= Beginning of Section =

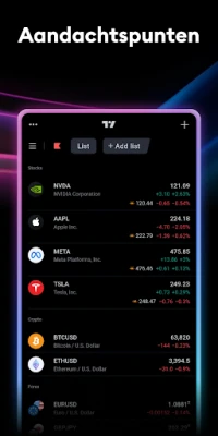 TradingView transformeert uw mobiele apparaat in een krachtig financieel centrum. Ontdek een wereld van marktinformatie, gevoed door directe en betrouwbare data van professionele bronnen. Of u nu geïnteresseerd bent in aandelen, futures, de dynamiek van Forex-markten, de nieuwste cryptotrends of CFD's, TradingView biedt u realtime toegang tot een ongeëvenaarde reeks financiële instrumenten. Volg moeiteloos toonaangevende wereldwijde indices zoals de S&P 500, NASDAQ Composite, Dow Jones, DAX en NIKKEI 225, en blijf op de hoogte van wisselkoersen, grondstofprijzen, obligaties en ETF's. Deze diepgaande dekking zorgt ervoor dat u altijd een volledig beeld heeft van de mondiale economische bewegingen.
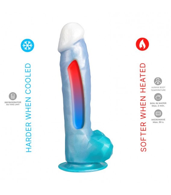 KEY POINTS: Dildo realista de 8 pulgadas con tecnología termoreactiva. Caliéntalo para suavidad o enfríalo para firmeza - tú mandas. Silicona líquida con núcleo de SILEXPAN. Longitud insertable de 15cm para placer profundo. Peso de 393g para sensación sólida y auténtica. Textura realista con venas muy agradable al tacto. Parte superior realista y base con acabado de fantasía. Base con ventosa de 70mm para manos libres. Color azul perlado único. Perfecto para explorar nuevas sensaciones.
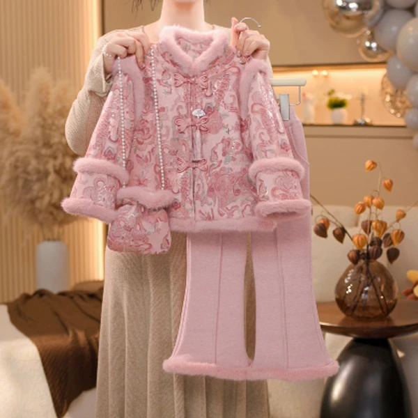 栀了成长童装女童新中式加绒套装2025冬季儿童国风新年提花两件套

= End of Section =

§ **What you have to do**
Pictures aside, reproduce all of the material above without alteration.

§ **Solution to this problem**
 TradingView transformeert uw mobiele apparaat in een krachtig financieel centrum. Ontdek een wereld van marktinformatie, gevoed door directe en betrouwbare data van professionele bronnen. Of u nu geïnteresseerd bent in aandelen, futures, de dynamiek van Forex-markten, de nieuwste cryptotrends of CFD's, TradingView biedt u realtime toegang tot een ongeëvenaarde reeks financiële instrumenten. Volg moeiteloos toonaangevende wereldwijde indices zoals de S&P 500, NASDAQ Composite, Dow Jones, DAX en NIKKEI 225, en blijf op de hoogte van wisselkoersen, grondstofprijzen, obligaties en ETF's. Deze diepgaande dekking zorgt ervoor dat u altijd een volledig beeld heeft van de mondiale economische bewegingen.
 KEY POINTS: Dildo realista de 8 pulgadas con tecnología termoreactiva. Caliéntalo para suavidad o enfríalo para firmeza - tú mandas. Silicona líquida con núcleo de SILEXPAN. Longitud insertable de 15cm para placer profundo. Peso de 393g para sensación sólida y auténtica. Textura realista con venas muy agradable al tacto. Parte superior realista y base con acabado de fantasía. Base con ventosa de 70mm para manos libres. Color azul perlado único. Perfecto para explorar nuevas sensaciones.
 栀了成长童装女童新中式加绒套装2025冬季儿童国风新年提花两件套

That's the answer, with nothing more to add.